◆ Data records:
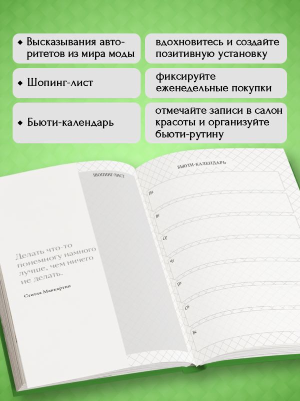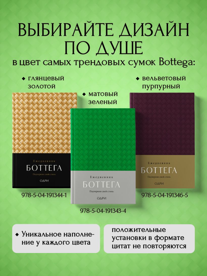 *Тактильная обложка с эффектом плетения, белая качественная бумага. Ежедневник представлен в трех оформлениях – самых актуальных цветах сумок: глянцевый золотой, вельветовый пурпурный, матовый зеленый. Каждый дизайн содержит индивидуальное наполнение – положительные установки в формате цитат не повторяются.
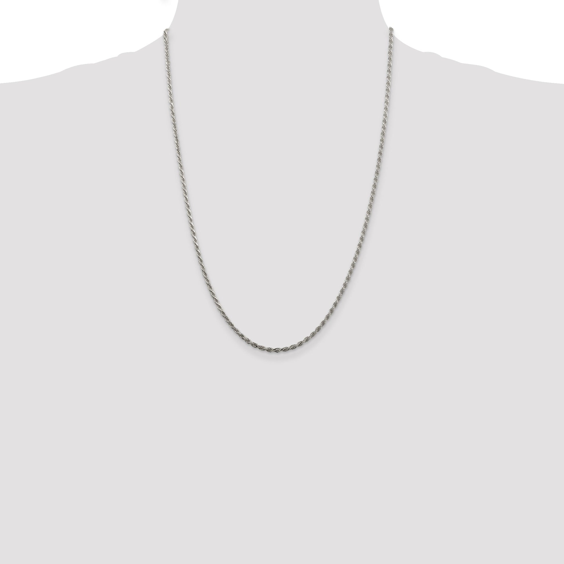 Introducing the 24 Inch Sterling Silver 2.25mm Diamond-Cut Rope Chain, a dazzling accessory for any occasion. Crafted from 925 sterling silver, this chain shines with a polished finish and a diamond-cut texture that catches every glimmer of light. The 24-inch length drapes elegantly around the neckline, while its 2.25mm width adds a touch of subtle sophistication. The chain’s lobster clasp ensures a secure fit, and its anti-tarnish coating keeps it looking pristine. The solid rope design offers a classic style that complements any outfit. Elevate your jewelry collection with the Sterling Silver 2.25mm Diamond-Cut Rope Chain.
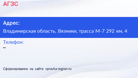 АГЗС по адресу Владимирская область, Вязники, трасса М-7 292 км, 4 в дальнейшем Организация, размещена в следующих категориях:
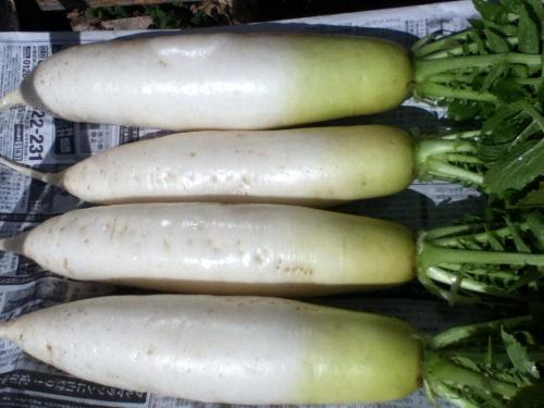 薪仕事を終え庭の大根を収穫してみた。おお、今年のは真っ直ぐだ。種まきの日には苦労したからね。とりあえず4本収穫。まだまだたくさんあるので心強い。昨日百貨店で上品な葉付き大根の漬け物を見かけた。これなら私にも作れそう。真っ直ぐ大根4本を薪の隣に干したのだ。
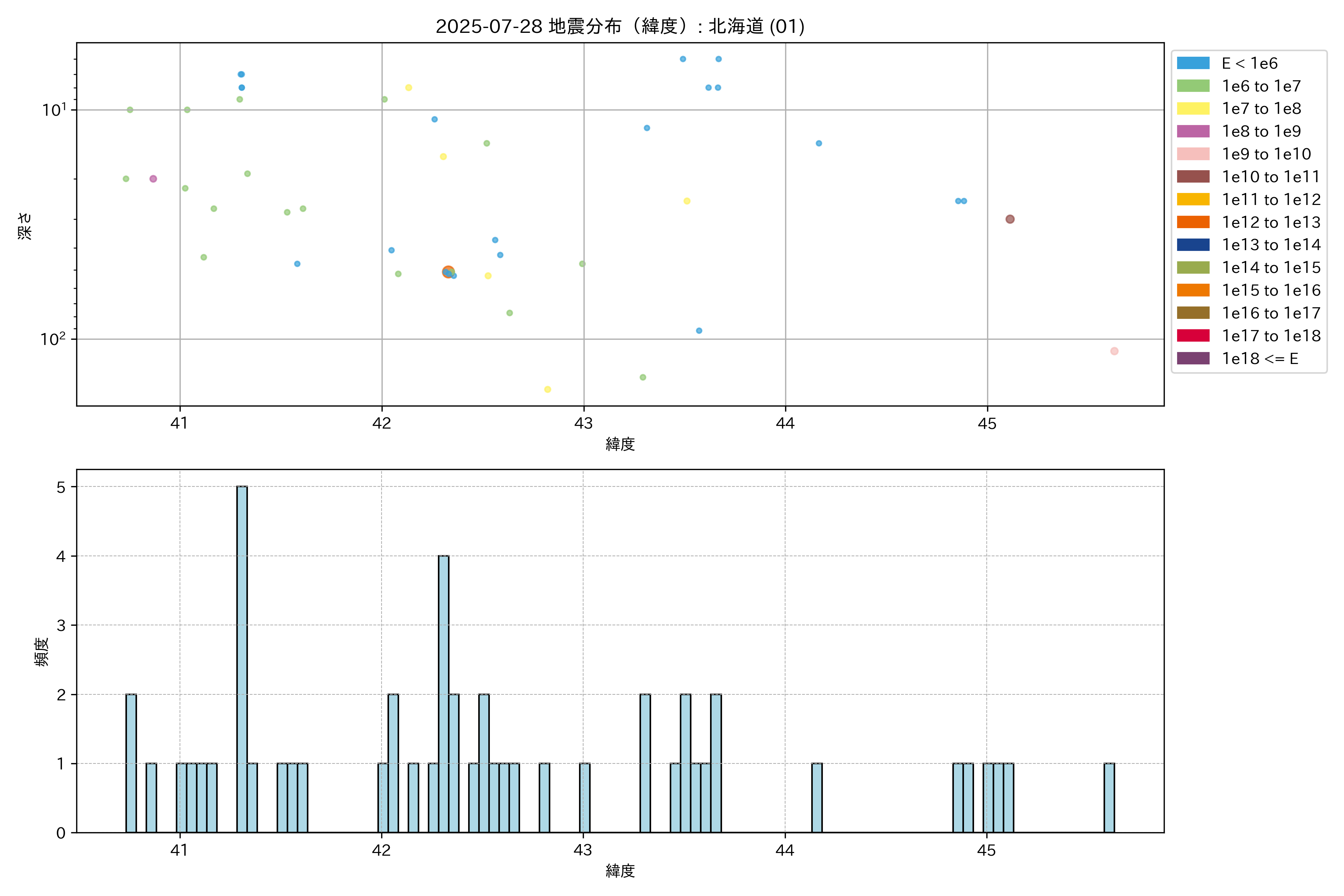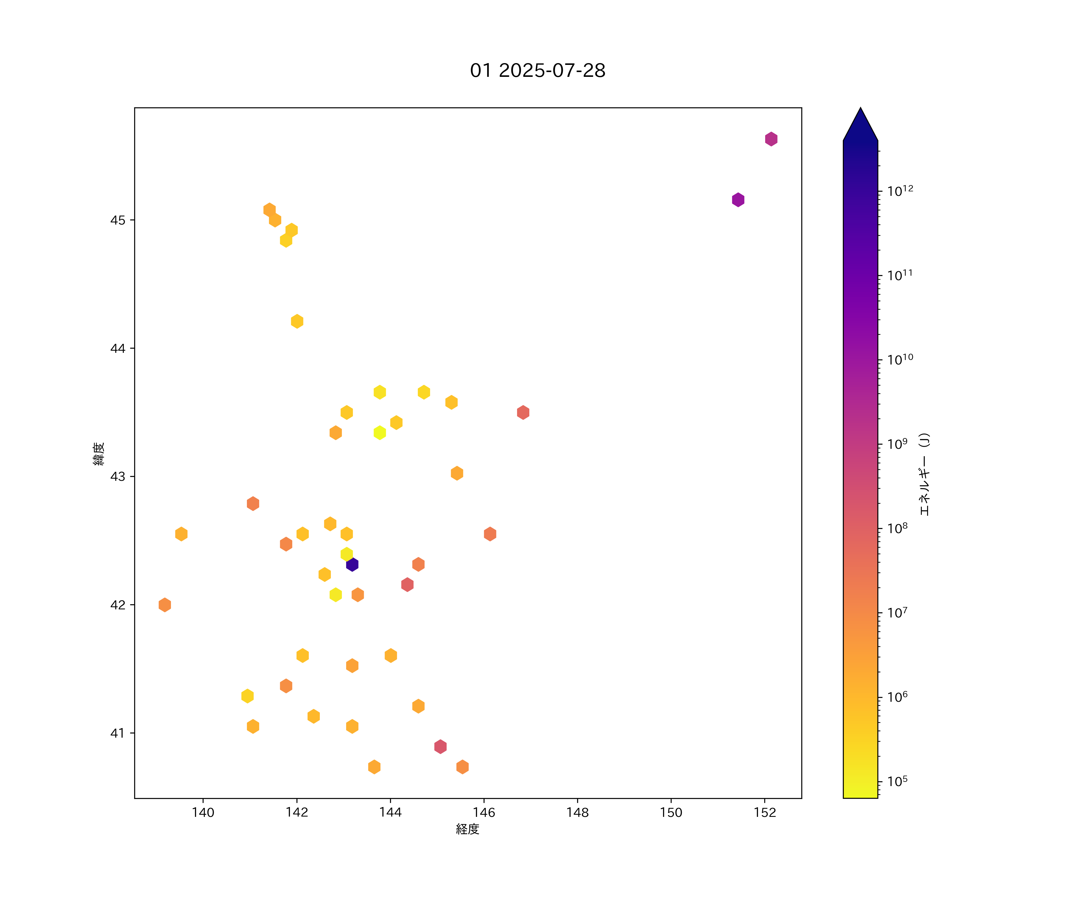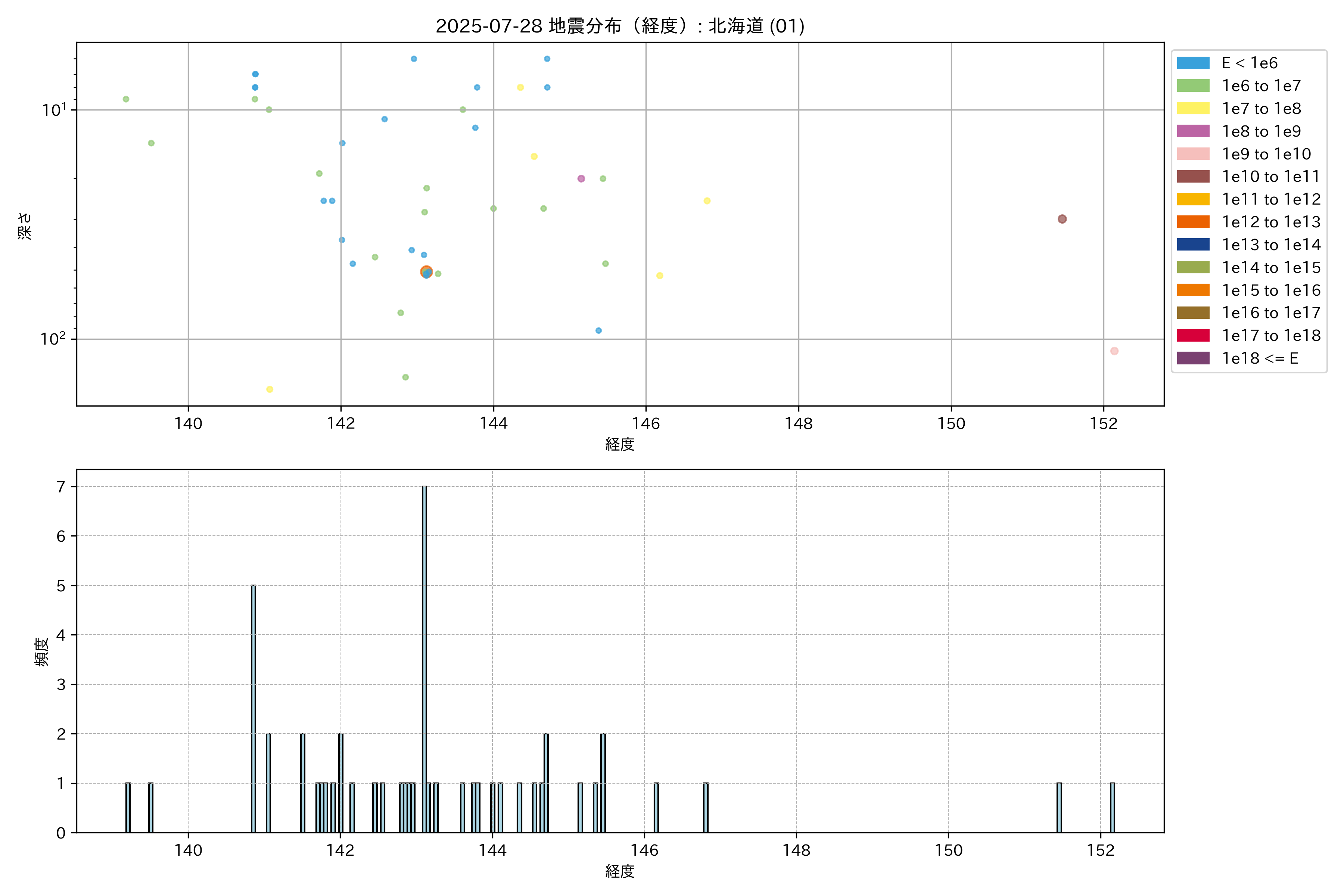 2025年07月28日 北海道 エリア震源マップ
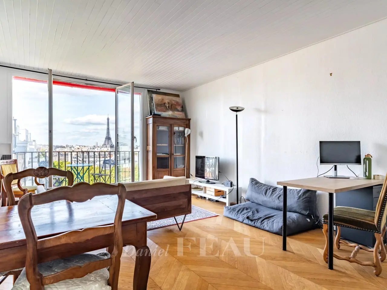 This 80 sqm apartment on the 7th floor of a relatively recent building includes a living/reception room opening onto a balcony commanding a view of the Eiffel Tower, a kitchen (open-plan would be possible), two peaceful bedrooms, a spacious bathroom and a wc. A second shower room would be possible. Cellar. A parking space nearby is available at extra cost.
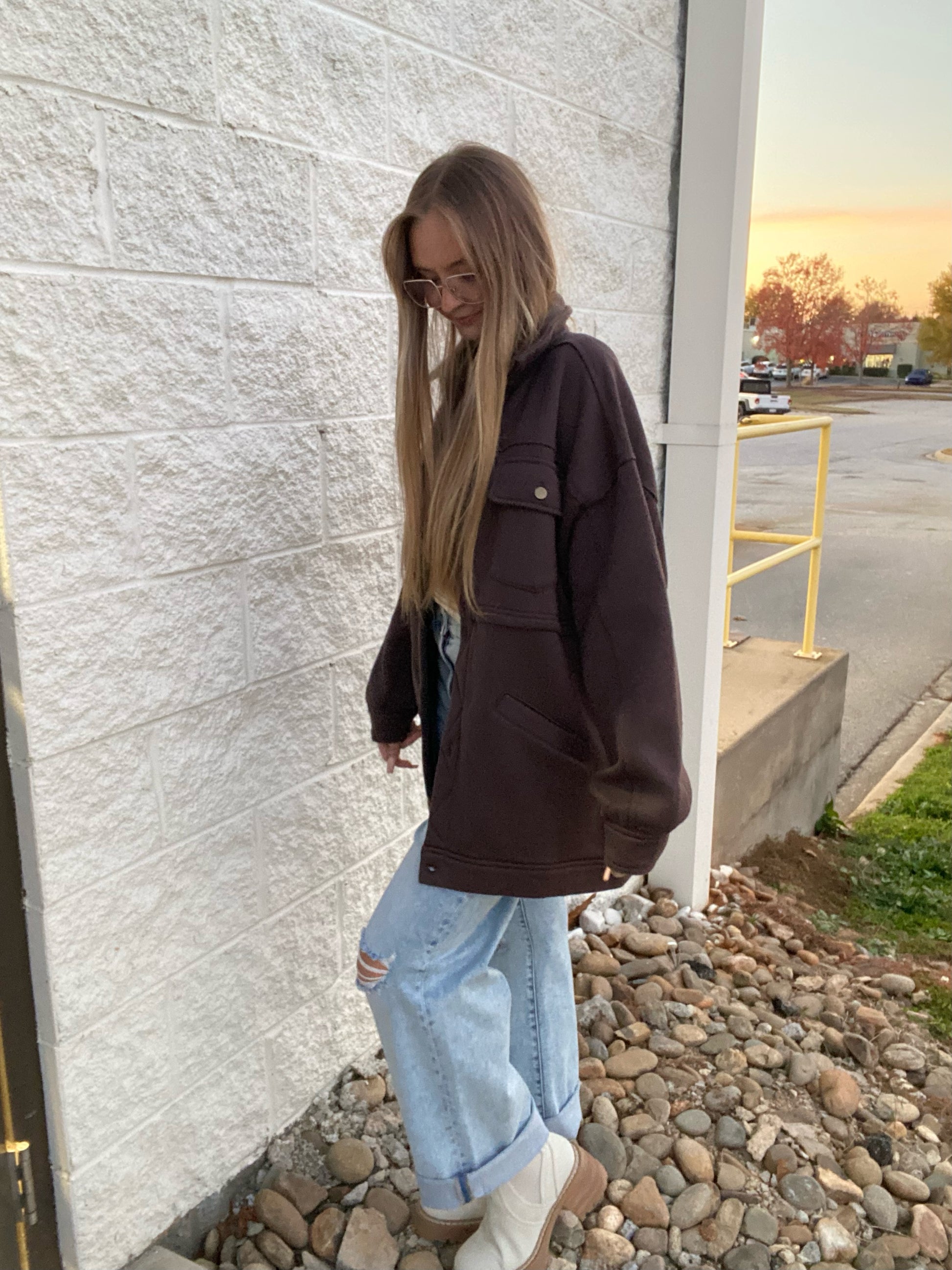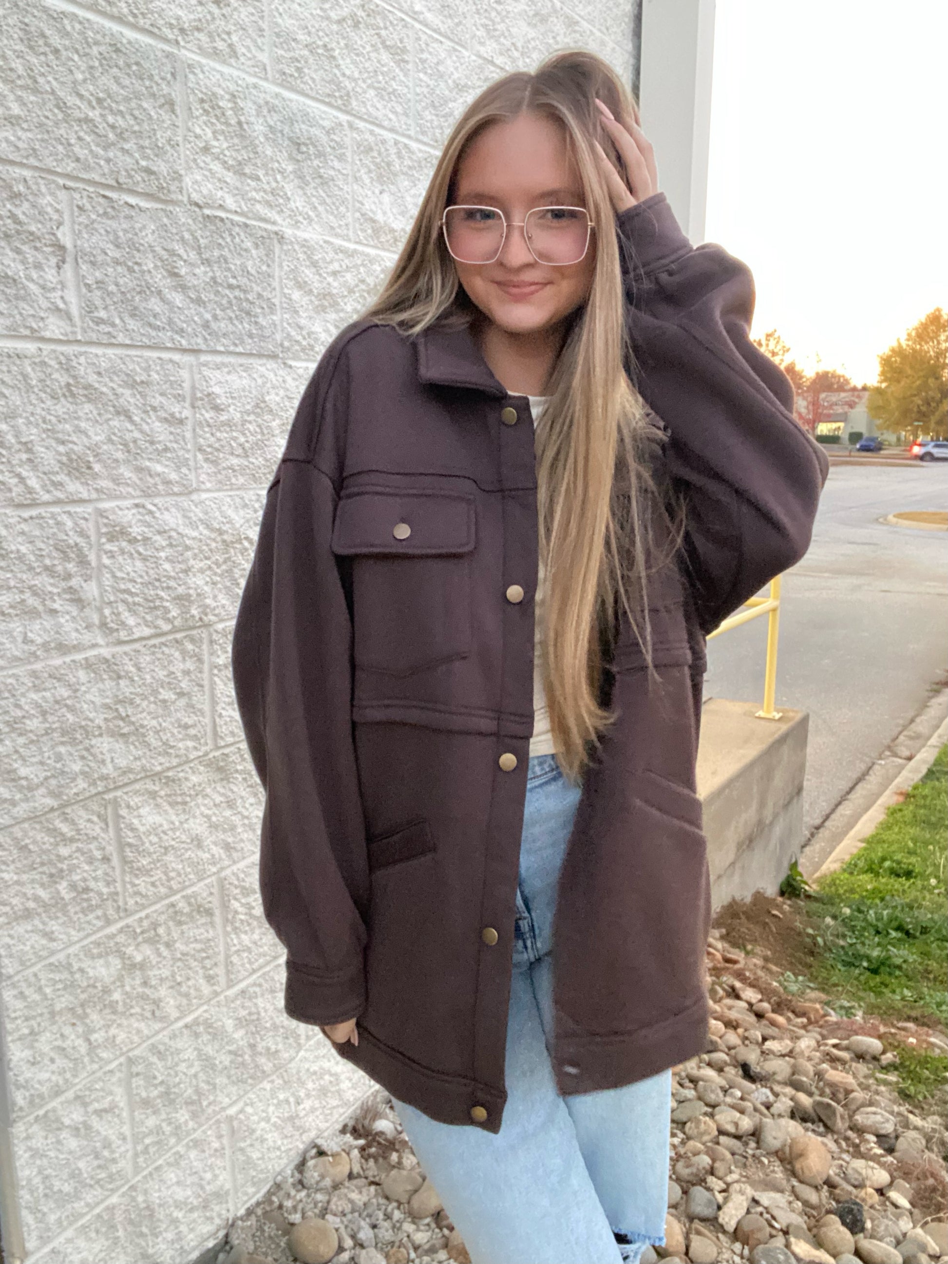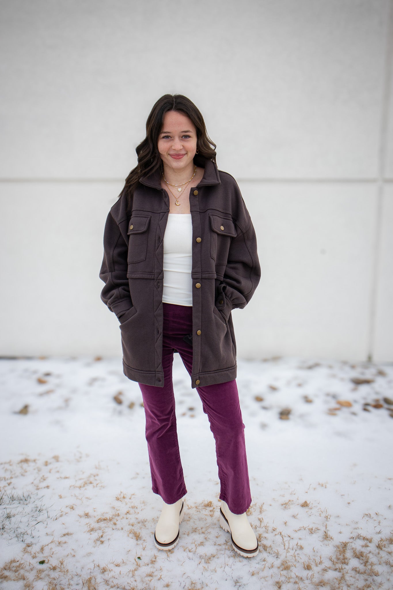 Cozy up in our Charcoal Refined Fleece Jacket with an oversized fit that combines comfort and style. Featuring 4 front pockets to keep your essentials close and a gold button closure for a touch of sophistication. Perfect for staying warm and on-trend this season!
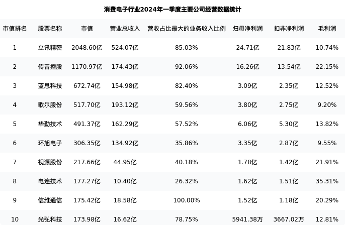 环旭电子最新报告期数据为一季度,下表汇总了消费电子行业内市值靠前的公司一季度主要经营数据
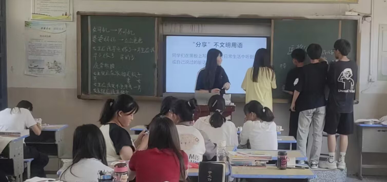 2024年7月12日,安徽省淮北師范大學(xué)“青山綠水繪新圖,沃土豐年譜華章--‘四圖’共繪蒙城鄉(xiāng)村振興‘斑斕畫卷’暑期“三下鄉(xiāng)”社會實踐團隊赴安徽省亳州市蒙城縣壇城鎮(zhèn)壇城中學(xué),開展“文明用語小達人,禮貌新風伴我行”實踐活動。(通訊員:潘莎娜)在與學(xué)校負責人聯(lián)系之后,實踐團隊乘坐公交車于上午八點半到達壇城中學(xué),在負責人組織下,實踐團隊進行了“文明用語小達人,禮貌新風伴我行”的文明用語小課堂。

◆ BRIEF:
Please write out, word for word, only the lines from the one holding "2025年07月28日 北海道 エリア震源マップ" through the end of the records above, with both end lines included and the pictures dropped.

◆ RESPONSE TO THE TASK:
 2025年07月28日 北海道 エリア震源マップ
 This 80 sqm apartment on the 7th floor of a relatively recent building includes a living/reception room opening onto a balcony commanding a view of the Eiffel Tower, a kitchen (open-plan would be possible), two peaceful bedrooms, a spacious bathroom and a wc. A second shower room would be possible. Cellar. A parking space nearby is available at extra cost.
 Cozy up in our Charcoal Refined Fleece Jacket with an oversized fit that combines comfort and style. Featuring 4 front pockets to keep your essentials close and a gold button closure for a touch of sophistication. Perfect for staying warm and on-trend this season!
 环旭电子最新报告期数据为一季度,下表汇总了消费电子行业内市值靠前的公司一季度主要经营数据
 2024年7月12日,安徽省淮北師范大學(xué)“青山綠水繪新圖,沃土豐年譜華章--‘四圖’共繪蒙城鄉(xiāng)村振興‘斑斕畫卷’暑期“三下鄉(xiāng)”社會實踐團隊赴安徽省亳州市蒙城縣壇城鎮(zhèn)壇城中學(xué),開展“文明用語小達人,禮貌新風伴我行”實踐活動。(通訊員:潘莎娜)在與學(xué)校負責人聯(lián)系之后,實踐團隊乘坐公交車于上午八點半到達壇城中學(xué),在負責人組織下,實踐團隊進行了“文明用語小達人,禮貌新風伴我行”的文明用語小課堂。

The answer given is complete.